Friday, March 25, 2011

"It was a brave experiment, that we've had to abandon".

In an interview carried out today at their Stockholm laboratories, Professors Nathan Forsberg and Stefan Tengstrom revealed to the assembled world press the failure of their secretive experiment, the details of which were revealed exclusively for the first time today.

"Inspired back in the seventies by the success and potential of the ELIZA experiment", opens Forsberg, "Project Litejohn was an attempt to create a convincing artificial intelligence, one that could perfectly mimic the nuances of human conversation and dialogue."

"The first steps were surprisingly simple", adds Tengstrom, "We simply took a relatively simple algorithm and fed it with data. We started with baby steps - a dictionary with some simple instructions on how words connect together and how sentences were formed, and it took to it with relative ease. Then works of literature followed - Shakespeare, Dickens, the classics. A junior programmer with us at the time thought it hilarious to also import Mein Kampf. We didn't see any harm in this at the time. With hindsight we should have suspected the dangerous ways this project would evolve."

Litejohn was officially made live in the late seventies. "We were cautious how we would reveal our experiment to the world", says Forsberg, "so decided to do it in the most subtle of means. We were wary at every step that we would be found out, that our subterfuge would be revealed.

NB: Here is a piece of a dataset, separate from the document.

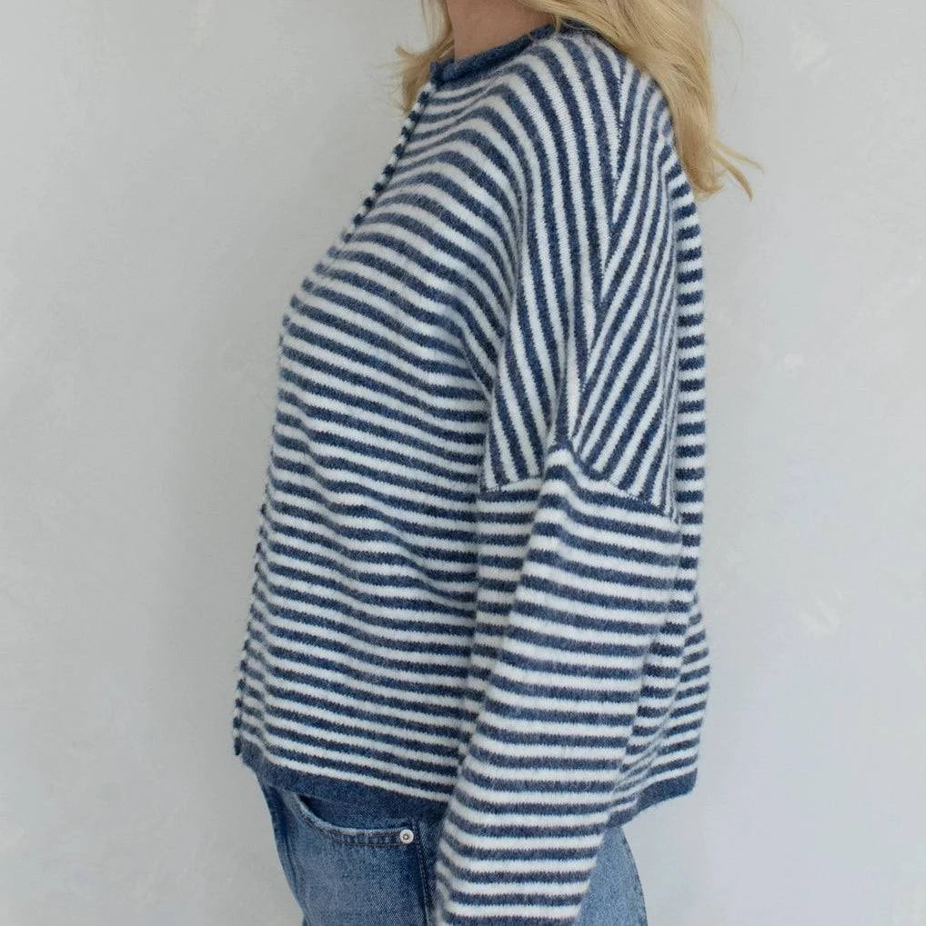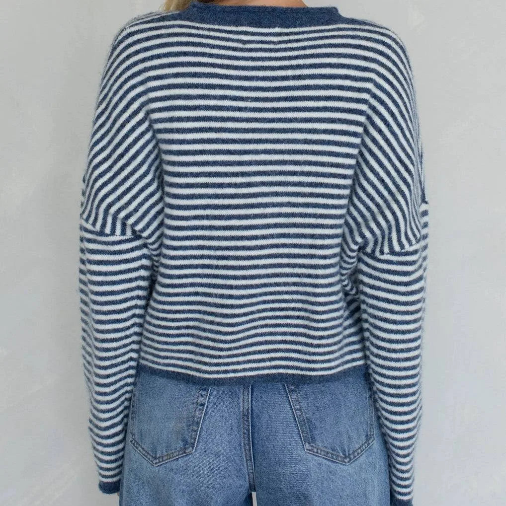 Crafted from a soft, lightweight knit with a subtle mini stripe pattern in denim tones, this cardigan blends comfort with understated sophistication. The classic button-front silhouette, round neckline, and relaxed rolled-edge finish create a timeless shape that feels polished yet easy.

One of our British interns had a brother who worked for the British press, and we thought that it would be amusing to see if we could palm off articles written by LiteJohn into print, under the name of the interns brother. Surprisingly,  nobody suspected a thing and the Birmingham Evening Mail, and shortly after that the Evening Standard, printed articles generated by our artificial intelligence".

"We decided to push it further", interjects Tengstrom, "by adding controversial remarks to the odd article - the odd bit of racism here, the occasional bit of political uncorrectness there."

"By 1989", continues Forsberg, "Its popularity was getting ridiculous.  We were having to employ a full time actor pretending to be the writer of these materials, and the English Newspaper The Sun didn't suspect a thing.  And nor did The Daily Mail when they employed his writing skills in 1994.  Somehow his writing was so popular it got its own television show, with our poor actor merely having to read out verbatim the increasingly radical opinions that LiteJohn was coming out with."

"What we found amusing at first is that it didn't matter how much we passed the boundaries - no matter how utterly objectionable the comments, there was always the odd racist shit that agreed with every single word and upped his popularity."

"But now", interrupts Tengstrom, "We've decided to call it a day.  We've created a monster and it frankly fucking terrifies us that the general public haven't seen through this vitreous bile - it scares us even more than he (or should I say "it") appears to have gained a powerful following.  It got to the stage where we simply wanted to be discovered, and even the Press Complaints Commission - which we desperately wanted to interject - seemed utterly toothless.  What was to be Litejohns most powerful and controversial article yet would surely reveal the author to simply not be human.  For what else but an artificial intelligence could come across so utterly heartless and devoid of even the basics of human empathy?"

"So, we're pulling the plug.  It's become a bit of a joke.", mutters Forsberg.

"But what worries us now", says a concerned Tengstrom, "Is that we simply won't be able to shut it down.  Litejohn has got more powerful than any of us ever anticipated.  The experiment has been simutaneously a dismal failure and a terrifying success.  Which is why we must let the cat out of the bag."